Capítulo 6

Había prometido al idiota de mi psiquiatra que lo llamaría una vez a la semana para informarle sobre mis progresos. Le expliqué que estaba escribiendo un diario, le hablé de las nuevas percepciones que estaba adquiriendo sobre mi familia de origen y le conté el tiempo que pasaba con mamá y todos los sentimientos negativos que esta interacción me suscitaba. Eran básicamente paparruchas psicoterapéuticas, y seguro que se dio cuenta de ello en un nanosegundo si es que estaba medio despierto, pero todo este ritual nos hacía sentir mejor a ambos. Además, cobraba ochenta pavos la hora por fingir que me escuchaba, así que quería asegurarme de que se los ganara.

Lo que no le dije era que estaba mintiendo a mi madre diciéndole que iba a la biblioteca cuando, en realidad, me reunía y me acostaba con Charles Chase en una pequeña cabaña de pesca apartada a orillas del canal de Tennessee-Tombigbee.

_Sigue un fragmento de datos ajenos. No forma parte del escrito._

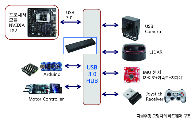 모형차는 실차 대비 1/10 비율로 축소한 것으로 크기도 작아 스펙과 성능이 떨어지지만 자율주행 기술 구현에 필요한 센서를 갖췄으며 실차와 최대한 비슷하게 작동할 수 있도록 작은 부분까지 세심하게 설계됐다. 복잡하고 계산량이 많은 주행제어 인공지능 소프트웨어가 원활하게 구동될 수 있도록 GPU가 지원되는 고성능 인공지능 프로세서, 카메라, 깊이카메라, IMU, 라이더, 초음파센서 등 주변 환경정보 수집을 위한 다양한 센서를 장착한다. 차량의 속도와 스티어링 제어는 휠모터와 스티어링모터를 통해 이뤄진다. 배터리와 모터로 구성되는 구동부를 정밀하게 제어하기 위해 오픈 하드웨어 모터 제어기(ESC-Electronic Speed Controller)가 장착되며 와이파이 무선랜, 유선랜, HDMI, SSD, 아두이노 등 응용개발과 개발 편의성 향상 목적의 다양한 주변 장치들이 장착된다. 또 주변 장치의 간단한 추가 확장을 지원하기 위해 메인 인터페이스 방식으로 고속 USB 3.0 표준이 채택된다.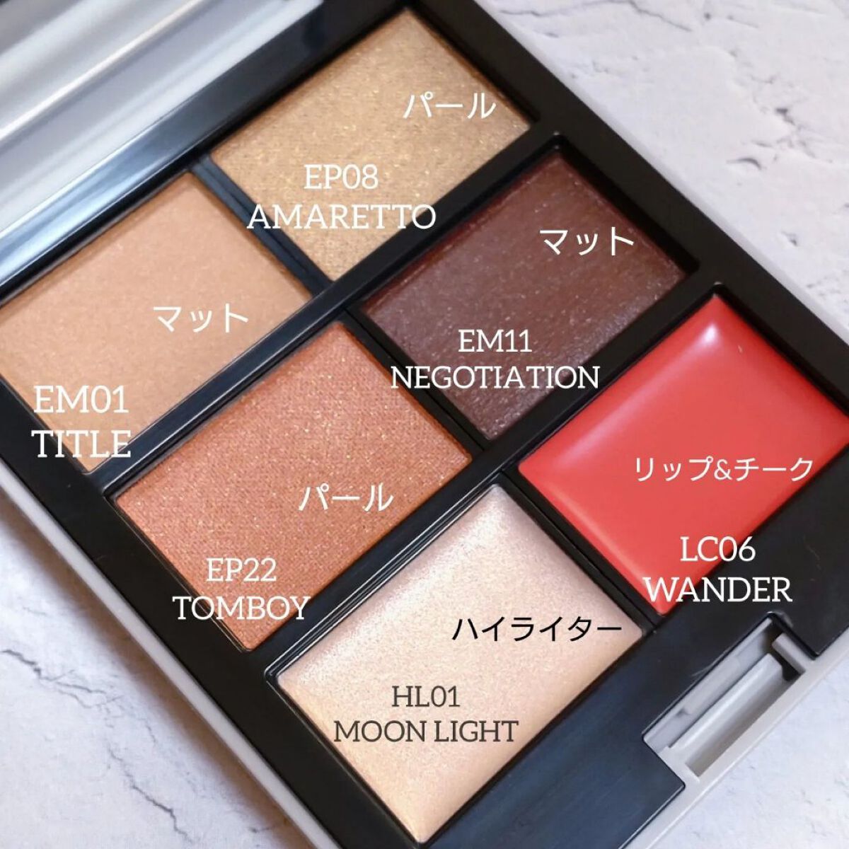 MNMYMIXEDPALETTE6色タイプ一人一人のライフスタイルや趣向に合わせてカスタムできるマルチパレットラメ、パール、マットなど質感もさまざまな50色のレフィルは組み合わせ260万通り!自分にピッタリのパレットが作れます優柔不断な私は9つの診断でおすすめをカスタムしてもらい、そのままを選びました(さらに色を組み替えることも可能)ウェブサイトのスウォッチも一つ一つわかりやすく選ぶところから楽しめました✤✤✤✤✤✤✤✤✤✤✤✤✤✤✤✤左上:EM01TITLEマットのアイシャドウ柔らかい色味のベージュブラウン粉質しっとりで発色が柔らか肌に乗せるとややオレンジ寄りに発色しました右上:EP08AMARETTOパールのアイシャドウしっとり密着して細かいパールが自然な立体感ギラギラが苦手な方におすすめ左中:EP22TOMBOYパールのアイシャドウやや赤みのあるピーチベージュブラウンパールがほんのり控えめなのでこれだけで単色メイクも良し他のブラウンとの相性もよく、下まぶたに塗るとめちゃめちゃかわいい!この色が今回一番のお気に入りで無くなったらリピートしたい一色です右中:EM11NEGOTIATIONマットのアイシャドウしっとりした粉質でフワッとのせても締まるし瞼のフチに細く引けばアイラインにも使えて便利奥の方に赤みが隠れている感じで他の3色のアイシャドウとの相性も良い左下:HL01MOONLIGHTハイライトに使えるクリームカラーアイボリーっぽい落ち着いたカラーで肌なじみ良く密着感もあるリップやアイシャドウのアクセントとしてもあり右下:LC06WANDERリップ&チークのクリームカラーほんのり透け感がありイエベの私に自然に血色を足してくれる万能ベージュ系レッド色ののり具合が絶妙でフワッと頬が色づいて健康的唇に塗るときは保湿してからがおすすめ✤✤✤✤✤✤✤✤✤✤✤✤✤✤✤アイシャドウはどれも粉質がしっとりでパールは控えめ(今回入ってないラメはもっとキラキラしています)密着してよれにくく仕上がるので不器用な私でも簡単にグラデーションができましたハイライト、チークも一緒に入っていて右中の締め色は眉にも使えるのでこれ一つでカラーメイクが完成しますカスタムができるのでいくつか買って気分で入れ替えても良いですね粉質も良くてこれだけ楽しめて1つあたり660円はかなりお買い得です#MNコスメ #アイシャドウ#アイシャドウパレット#チーク#リップ#ハイライト#コスメ#メイク#エムエヌ#マイミクスドパレット#提供

La primera vez que habíamos ido a la cabaña del canal había sido por la tarde. Charles había ido en su coche y yo lo había seguido en el mío sin prestar demasiada atención, de modo que me costó mucho encontrar el sitio por mí misma a oscuras. Al final tuve que llamarlo al móvil tres veces y llegué frustrada, agotada y sintiéndome como una tonta desvalida.

Charles no pareció darse cuenta. Salió a buscarme al coche, me tomó la mano y subió conmigo los peldaños hasta un porche que daba al canal. Me sentí, aunque sólo por un instante, como Cenicienta en el baile.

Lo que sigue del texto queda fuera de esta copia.